Data warehousing with Teradata: August 2013

Thursday, August 22, 2013

Index creation in Teradata

There are two types of indexes in Teradata, namely Primary Index and Secondary index. primary index should be created while creating table, whereas secondary index can be created after table has been created.

Secondary index create syntax:

non-unique(NUSI):

Create Index indexname(col1,col2,...) on databasename.tablename;

unique(USI):

Create Unique Index indexname(col1,col2,...) on databasename.tablename;

Tuesday, August 20, 2013

What is Hot Amp in Teradata?

Hot Amp is situation when one or few AMP's in the system work more than other AMP's in the system due to uneven data distribution among the AMP's.

when a select query is executed on skewed tables, few amps with more data will work longer while other AMP's with lower data volume will finish its processing earlier and sit idle waiting for Hot AMP's to finish its processing. in this scenario the overall query performance directly proportional to the Hot AMP's performance.

Find Skewed tables

we can find the skewed tables of a system by using below query, we can use the skewed tables for Primary Index revisit for performance enhancement of overall system.

Lock Dbc.TableSize For Access
Lock Dbc.diskspace For Access
SELECT b.databasename,b.TableName AS TableName,c.tablekind,SUM(CurrentPerm) /1024/1024 AS "CurrentPerm(MB)",
SUM(PeakPerm)/1024/1024 AS "PeakPerm(MB)",(100 - (AVG(CurrentPerm)/MAX(CurrentPerm)*100)) AS SkewFactor
FROM Dbc.TableSize b,dbc.tables c, (
Select
databasename ,zeroifnull((Max(currentperm) - Avg(currentperm))/max(nullifzero(currentperm)) * 100) As SKW
From dbc.diskspace
Group By 1
Having SKW >=10 ) a
WHERE b.DataBaseName=a.databasename
and c.tablename=b.tablename
and c.tablekind='T'
Group By 1,2,3
Having SkewFactor >=20
Order By "CurrentPerm(MB)" desc;

Hash function in teradata

Data distribution of a table on all AMP's depends on Hashvalue calculated on Primary Index value, Teradata has is own algorithm to calculate hash value. There are four type of hash functions in Teradata which simulate the hash algorithm, which can be used to find the data distribution of a table.

1. HASHROW(column1,..)
2. HASHBUCKET(Hashrow)
3. HASHAMP(hashbucket)
4. HASHBAKAMP(hashbucket)

Query to check data distribution of a table:

SELECT HASHAMP (HASHBUCKET (HASHROW (columnName))) AS “AMPNO”, COUNT (*) FROM Tablename GROUP BY 1 ORDER BY 2 DESC;

You can use below query to check on which amp number, amp bucket number a particular value will be mapped to.

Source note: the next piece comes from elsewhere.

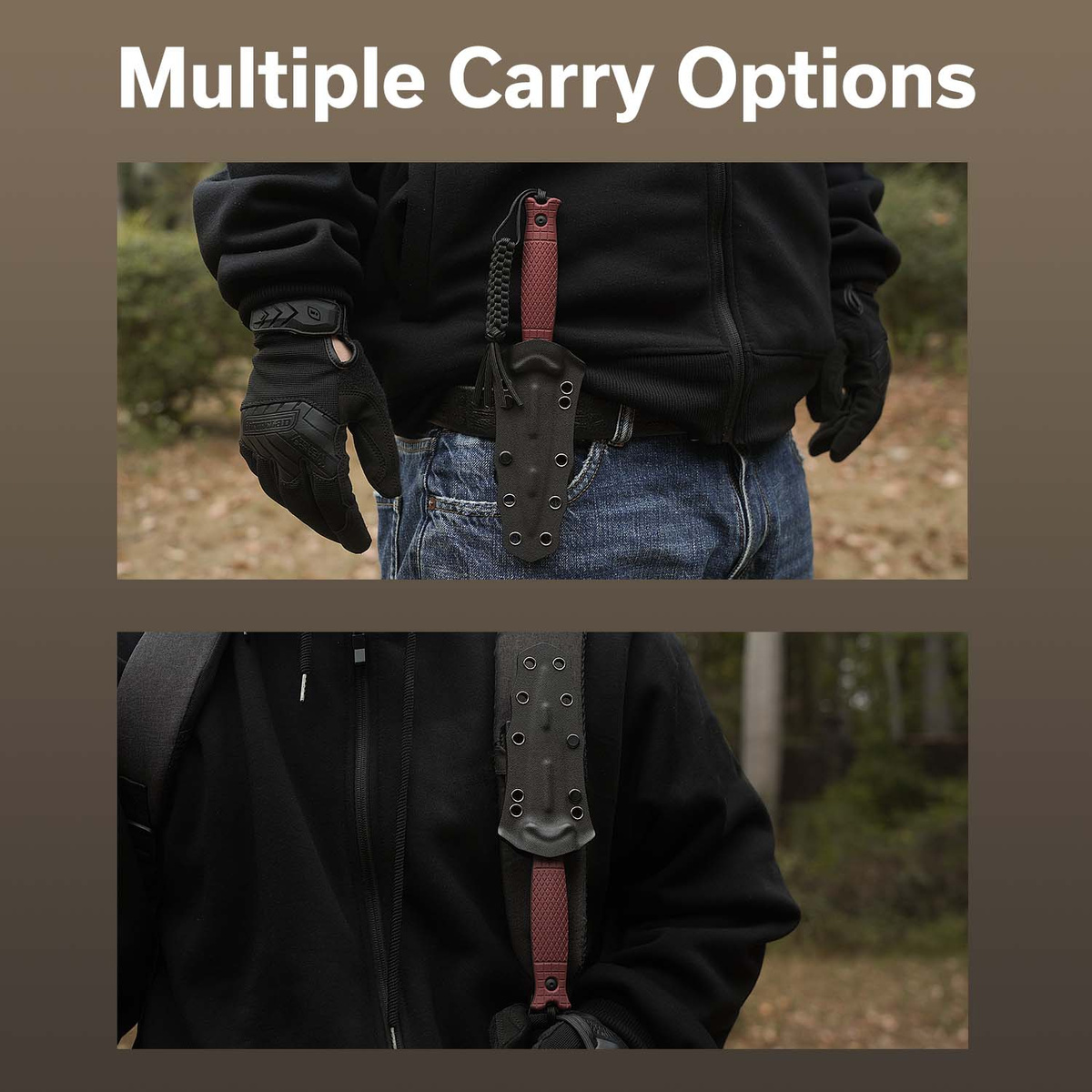 Pochwa - wykonana z czarnego kydexu bezpiecznie utrzymująca nóż na miejscu. Wyposażona w mocowanie T-Clip zaprojektowane przez Boba Terzuolę, umożliwia wielopozycyjne (prawe/lewe, pionowe/poziome) przenoszenie pochwy z stałym ostrzem na pasie lub oporządzeniu. T-Clip działający podobnie jak Tek-Lok pozwala na dopasowanie sposobu noszenia do indywidualnych preferencji użytkownika. Wzmocniony włóknem szklanym T-Clip, zawiera zestaw śrub wraz z parą plastikowych podkładek.
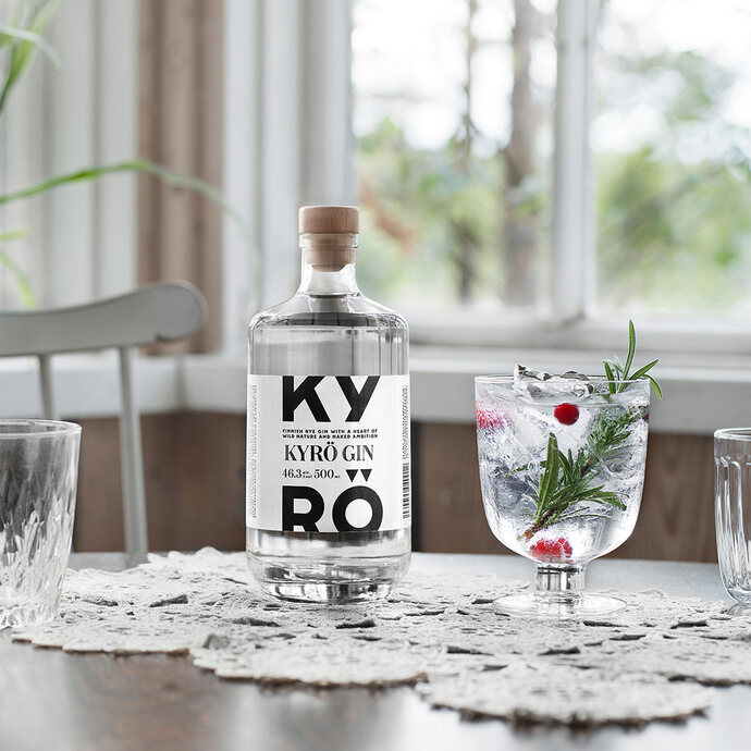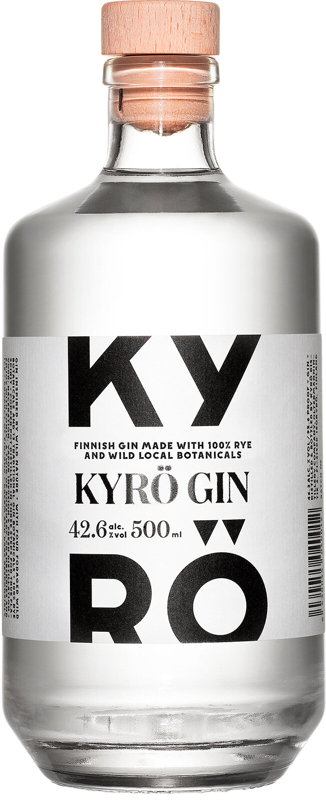 Le cœur aromatique des produits de la distillerie Kyrö se trouve dans la nature sauvage de la Finlande. Le gin Kyrö est fabriqué à 100 % à partir de seigle, de quatre plantes sauvages locales, dont le bouleau et la reine des prés, et de 13 herbes aromatiques traditionnelles utilisées pour le gin. Il est distillé en trois étapes dans des alambics en cuivre : macération, infusion à la vapeur et distillation à froid.

SELECT HASHROW ('motivation') AS "Hash Value"
, HASHBUCKET (HASHROW ('motivation')) AS "Bucket No"
, HASHAMP (HASHBUCKET (HASHROW ('motivation'))) AS "AMP No"
, HASHBAKAMP (HASHBUCKET (HASHROW ('motivation'))) AS "AMP Fallback No" ;

you can use HASHROW() function to check hash collision.

SELECT HASHROW ('motivation') AS "Hash Value";

Monday, August 12, 2013

Teradata Viewpoint Services

Teradata viewpoint is web application and is very interactive and efficient monitoring tool, which replace teradata manager and its functionality from version td13, it is installed and run on dedicated server in the network to capture various monitoring and performance data of teradata database system.

viewpoint basically capture data using its data collection service (dcs) and save it to its back-end database runs in postgressql database, its portal service called viewpoint service displays the collected information interactively on viewpoint portlet.

there is mainly 3 services which manage the viewpoint operation
1. viewpoint (portal service).
2. dcs (data collector service)
3. postgresql (back-end database service)

we can check the status of services or start/stop/restart as we face some issue

$/etc/init.d/dcs start/stop/status

$/etc/init.d/postgresql start/stop/status

$/etc/init.d/viewpoint start/stop/status

we have their respective log files to check for any error or warnings.

/opt/teradata/viewpoint/logs/viewpoint.log

/opt/teradata/dcs/logs/dcs.log

* apart from these services there is supporting service called CAM services for all java based services.